Rachel comprendió que si ambas tenían que hablar con franqueza la iniciativa debía partir de ella misma. Atetou no iniciaría nada, lo cual era comprensible. Si quería hacerla hablar, Rachel tendría que herirla en su amor propio, aludiendo a la infelicidad conyugal de Moreturi, que éste le achacaba. Rachel deploraba tener que apelar a aquella táctica, pero no había otro remedio. No podía ni soñar en que Atetou se tendiese voluntariamente en el diván, hablando en metáfora, ni en hacerle adoptar el papel de paciente. Aquella orgullosa mujer no lo permitiría ni por un segundo. Estaba allí como una señora que visitaba a otra, como una maligna vecina dispuesta a cantar las verdades a otra mujer mal informada. Había acudido para tomar el té y hablar midiendo sus palabras. En los últimos días, Moreturi resultó un paciente más fácil para Rachel. Una vez derribada la barrera que los separaba, él cooperó plenamente, dentro de sus naturales limitaciones. Acudía a las sesiones a divertirse.

Tendido de espaldas, con las manos cruzadas detrás de la cabeza, bromeaba con su "Ms. Doctor" y charlaba por los codos, sin pararse en barras. Le gustaba desconcertar a Rachel contándole sus experiencias amorosas. Sentía gran placer explicándole sus sueños con todo detalle. Era evidente que le divertía escandalizar a la mujer blanca. Rachel pronto comprendió sus verdaderos propósitos y su alma le resultó transparente. Moreturi no sentía un verdadero interés por sus motivaciones subconscientes. Cuando su crisis doméstica alcanzase el apogeo acudiría a la Jerarquía tradicional para que ésta le resolviese el problema. Lo único que le interesaba, el verdadero objeto de su juego, adivinó Rachel, era arrancar su máscara de analista y convertirla en una mujer.

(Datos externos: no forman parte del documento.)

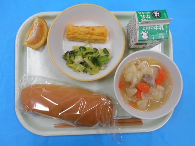 きょうのメニューは、コッペパン、ぎゅうにゅう、ポトフ、きのことブロッコリーのアヒージョ、たまごロール、いよかんです。アヒージョはにんにくのよいかおりがして、おいしくいただきました。
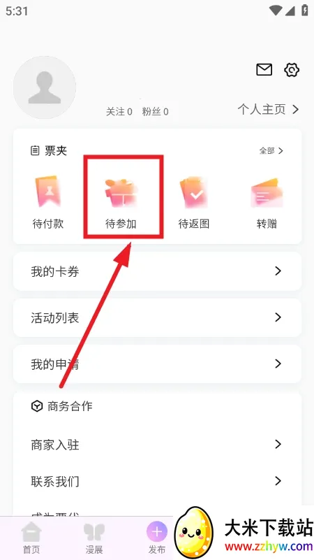 1、登录账号之后进入软件首页,点击底部漫展入口。
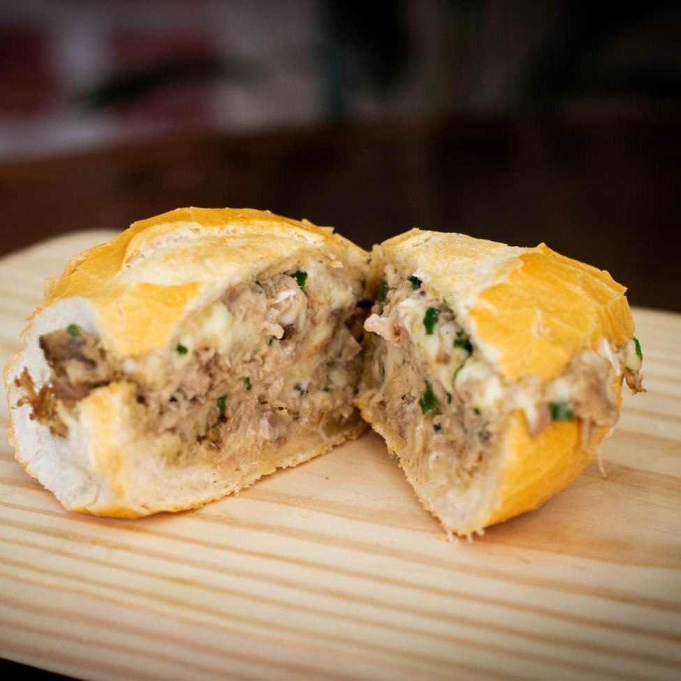 Pão frances,maionese,pernil desfiado,queijo e cebolinha
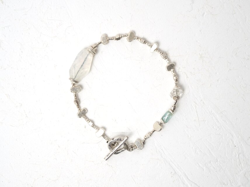 -Andesine labradorate・Herkimer quartz・Emerald- silver bracelet
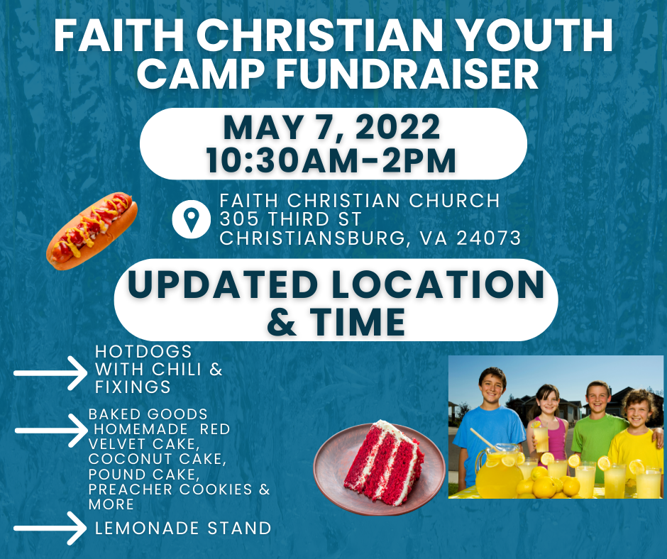 Faith Christian Church presents the Faith Christian Youth Camp Drive-Thru Fundraiser with Hot Dogs, Baked Goods & Lemonade Stand underneath the carport on Saturday, May 7, 2022.
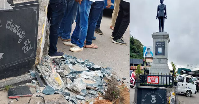 ಮಡಿಕೇರಿ | ಕೆಎಸ್ಸಾರ್ಟಿಸಿ ಬಸ್ ಢಿಕ್ಕಿ; ಸ್ಕ್ವಾಡ್ರನ್ ಲೀಡರ್ ಅಜ್ಜಮಾಡ ದೇವಯ್ಯ ವೃತ್ತಕ್ಕೆ ಹಾನಿ
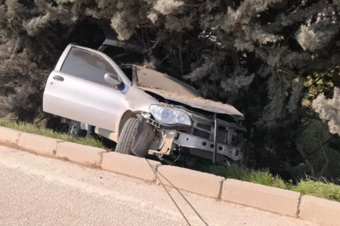 Kaza saat 12.00 sıralarında Alanyurt-İnegöl yolu üzerinde meydana geldi. Alanyurt'tan İnegöl'e seyir halinde olan Aziz D.(57) yönetimindeki 16 ACK 76 plakalı otomobil, iddiaya göre başka bir aracın sıkıştırması sonucu sürücüsünün kontrolünden çıktı. Yoldan çıkan araç alışveriş merkezi bahçesindeki ağaçlara çarparak durabildi.
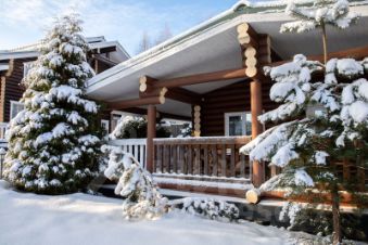 Уютный банный дом включает в себя большую гостиную, сауну и санузел. Фундамент-монолитная плита. Он также построен из калиброванного бревна, тёплый пол, оснащён газовым котлом.

No era un hombre falto de inteligencia, pero ésta no le interesaba. No sentía el menor atractivo por sondear su propia mente, por efectuar una introspección en la selva inexplorada de su espíritu. Lo único que le atraía, como a su difunto amigo Huata, eran las emociones físicas. Era un hedonista de pies a cabeza: comer, beber, hacer ejercicio físico, bailar y unirse con las mujeres. Para aquel alma libre, para aquel célibe nato, la responsabilidad de tener una esposa representaba una verdadera carga. En realidad, no deseaba divorciarse de Atetou, sino escapar de la prisión del matrimonio, que para él era antinatural.